Gysin trascorse un certo numero di anni cercando, senza successo, di far produrre l'apparecchio in serie e renderlo disponibile a un vasto pubblico. Oggi, i modelli per la Dreamachine sono disponibili gratuitamente su diversi siti internet.

 

Per sperimentare correttamente la Dreamachine, secondo le istruzioni dell’inventore, occorre sedersi a sei-otto pollici dal cilindro e chiudere gli occhi, consentendo alla luce lampeggiante di giocare sulle palpebre.

Secondo Gysin, la musica per cornamusa di una specifica tribù marocchina risulterebbe essere l'equivalente sonoro dell'esperienza visiva della Dreamachine, e ascoltarla migliora l'esperienza.

Più tardi Gysin suggerì anche un brano portante lo stesso nome “Dreamachine” tratto da un album live, Heathen Earth della industrial cult band Throbbing Gristle, come accompagnamento appropriato.

 

Questa introduzione è dovuta proprio al titolo dell’ultimo album (e della relativa cover) delle Habibi, che richiama alla leggendaria Dreamachine realizzata da Brion Gysin, una all female band fondata da Rahill Jamalifard e Lenny Lynch a Brooklyn nel 2011.

Sin dalle loro prime produzioni queste ragazze hanno rapidamente attirato l'attenzione grazie alla loro distintiva fusione di stili e culture, il loro album di debutto omonimo nel 2014 è stato difatti accolto favorevolmente per la sua miscela particolare di surf pop anni '60 unito ad un mood di natura moderna, mentre con i successivi, Cardamom Garden del 2018 e Anywhere But Here del 2020, il gruppo ha incorporato elementi psych-rock con il folklore iraniano, mostrando una volontà di sperimentare non comune. 

Con Dreamachine, la band continua a svolgere il suo peculiare percorso musicale, intrecciando tocchi di dream pop vintage, garage rock e sperimentazione di synth, dando vita ad un disco dove si amalgamano suoni più movimentati ad una dimensione che talvolta ben può definirsi di impronta ipnotica.

 

Fin dalla traccia di apertura, "On The Road", è chiaro come le ragazze abbiano “alzato il tiro”; il ritmo incalzante della canzone viene valorizzato dalle ampie volute di chitarre grezze che dettano il climax sonoro su cui innesta il cantato del gruppo.

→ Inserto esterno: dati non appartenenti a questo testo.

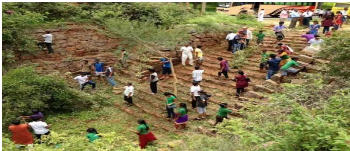
Plate 15. River rejuvenation by AoL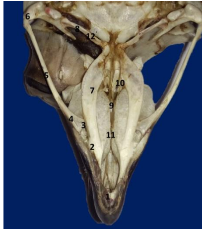
Fig 3: Photograph Showing the ventral view Of Great Indian Horned Owl Skull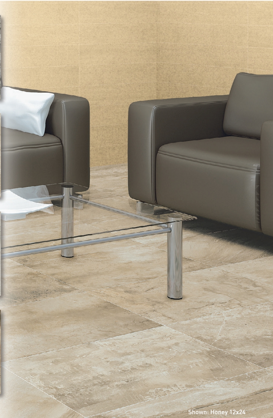
Shown: Honey 12x24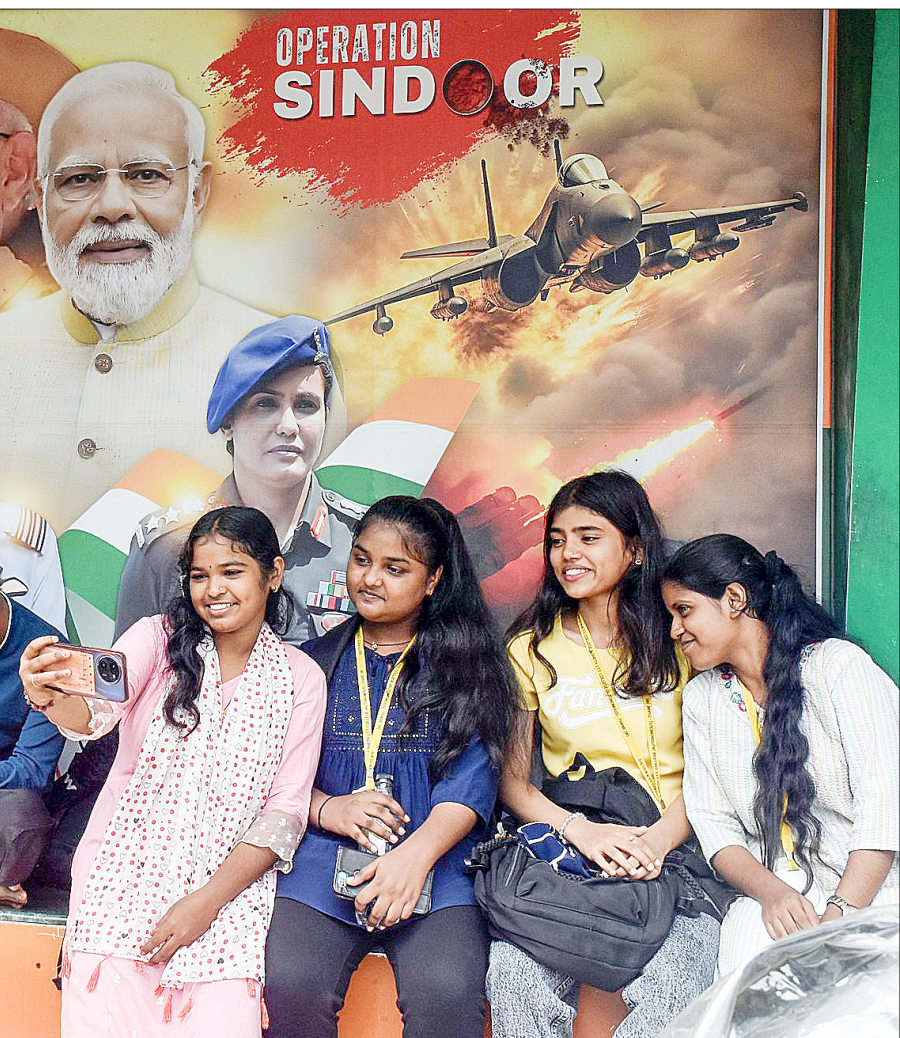
College students take selfie with Sindoor poster near Thane Rest House, on Sunday.

These new services by Indian Railways reflect a forward-looking approach that places the aspirations of every citizen, every state, and every region at the center. Under Prime Minister Narendra Modi's leadership, Indian Railways has transformed from merely a transportation network into the backbone of a self-reliant India.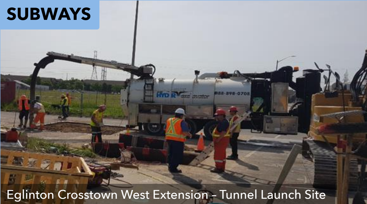
Eglinton Crosstown West Extension – Tunnel Launch Site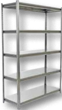
Easy assembly. Units set up fast!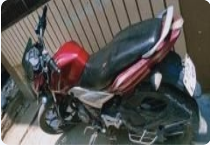
Bajaj Discover 125ST 2012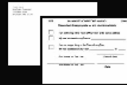
Voter Confirmation Post Card Mailings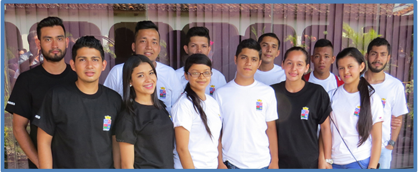
El Salvador Projects participating students, 2016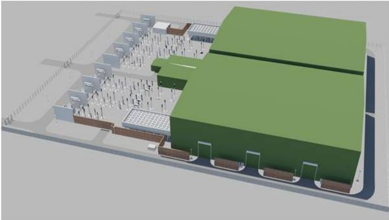
Diagram 2 Typical Layout of a 1000MW HVDC Converter Station

Col brano successivo, "In My Dreams", le Habibi ci offrono il loro lato più etero, cullando gli ascoltatori con carole di voci che si inseguono fluttuanti su seriche trame di synth punteggiate da un battito costante di drum machine.

“POV” ripropone invece un riff di chitarra satura, doppiata da un’altra sei corde che inanella giri di funk, per aprirsi ad un ritornello quasi pop che si poggia su di un tappeto ritmico mid-tempo.

La canzone successiva, che è stata anche il primo singolo estratto dall’album, "Do You Want Me Now" coinvolge l’ascoltatore col suo groove contagioso e i riff di chitarra affilati. Una vera hit indie del 2024.

 

Altro grande brano risulta essere “My Moon", grazie ad un tappeto di synth su cui emerge - tratto distintivo di tutto l’album - il suono sapientemente distorto della chitarra su cui galleggiano lussureggianti chords vocali, anche in questo caso puntellati da un drumming sempre delicato seppur sonoricamente presente.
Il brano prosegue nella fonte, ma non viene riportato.